Stemming is an important part of the pipelining process in Natural language processing. The input to the stemmer is tokenized words.
- Stemming brings words in the stem (basic) form
- Problem with stemming is that,it produce the intermediate repersentation of the word which may or may not have any meaning
- we use stemming where meaning of the meaning of word is not our concern


### Stemming algorithms 
- Porter’s Stemmer algorithm : It produces the best output as compared to other stemmers and it has less error rate.
But its applications are only limited to English words.
- Snowball Stemmer : It in an improved version of Porter’s Stemmer.The Snowball Stemmer can map non-English words too and is having greater computational speed. 
- Lancaster Stemmer : The Lancaster stemmers are more aggressive and dynamic compared to the other two stemmers. The stemmer is really faster, but the algorithm is really confusing when dealing with small words. But they are not as efficient as Snowball Stemmers.


#### Application : 
- Search engines 
- Domain vocabularies 
- Email spam classification etc.


## Lemmatization 

Lemmatization is similar to stemming but it brings context to the words. So it links words with similar meaning to one word. Lemmatization is preferred over Stemming because lemmatization does morphological/structural analysis of the words.


#### Application : 
- Chatbots 
- Question Answer application etc.



##  Stemming code

In [1]:
import nltk
from nltk.stem import PorterStemmer
from nltk.corpus import stopwords

In [8]:
# Use case to show how all stemmers convert the words : define a all the stemmer

from nltk.stem import PorterStemmer,LancasterStemmer,SnowballStemmer

porter = PorterStemmer()
lancaster = LancasterStemmer()
snowball = SnowballStemmer('english')

print('****Porter Stemmer****')

print(porter.stem('hobby'))
print(porter.stem('hobbies'))
print(porter.stem('computer'))
print(porter.stem('computations'))
print(porter.stem('history'))
print(porter.stem('histories'))

print('****Lancaster Stemmer****')

print(lancaster.stem('hobby'))
print(lancaster.stem('hobbies'))
print(lancaster.stem('computer'))
print(lancaster.stem('computations'))
print(lancaster.stem('history'))
print(lancaster.stem('histories'))

print('****Snowball Stemmer****')

print(snowball.stem('hobby'))
print(snowball.stem('hobbies'))
print(snowball.stem('computer'))
print(snowball.stem('computations'))
print(snowball.stem('history'))
print(snowball.stem('histories'))

****Porter Stemmer****
hobbi
hobbi
comput
comput
histori
histori
****Lancaster Stemmer****
hobby
hobby
comput
comput
hist
hist
****Snowball Stemmer****
hobbi
hobbi
comput
comput
histori
histori


In [11]:
# Problem solving :
paragraph = """I have three visions for India. In 3000 years of our history, people from all over 
               the world have come and invaded us, captured our lands, conquered our minds. 
               From Alexander onwards, the Greeks, the Turks, the Moguls, the Portuguese, the British,
               the French, the Dutch, all of them came and looted us, took over what was ours. 
               Yet we have not done this to any other nation. We have not conquered anyone. 
               We have not grabbed their land, their culture, 
               their history and tried to enforce our way of life on them.""" 
               

In [18]:
# convert paragraph to words in lower case :
words = nltk.word_tokenize(paragraph.lower())
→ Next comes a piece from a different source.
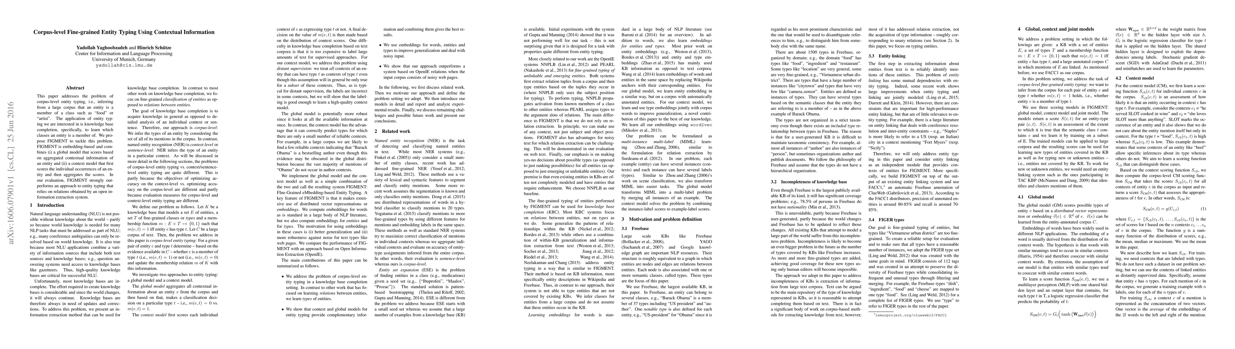 This paper introduces FIGMENT, a novel embedding-based approach for corpus-level fine-grained entity typing, combining global and context-based models to infer entity classes for knowledge base completion. FIGMENT outperforms traditional relation-based methods in entity typing tasks.

# check output for all stemmers :

for stemmer in (lancaster,porter,snowball):
    print(f"{stem} Looks like :")
    output = [stemmer.stem(w) for w in words]
    print(" ".join(output))
    print()

<nltk.stem.snowball.SnowballStemmer object at 0x00000251BF6DF2E0> Looks like :
i hav three vis for ind . in 3000 year of our hist , peopl from al ov the world hav com and invad us , capt our land , conqu our mind . from alexand onward , the greek , the turk , the mog , the portugues , the brit , the french , the dutch , al of them cam and loot us , took ov what was our . yet we hav not don thi to any oth nat . we hav not conqu anyon . we hav not grab their land , their cult , their hist and tri to enforc our way of lif on them .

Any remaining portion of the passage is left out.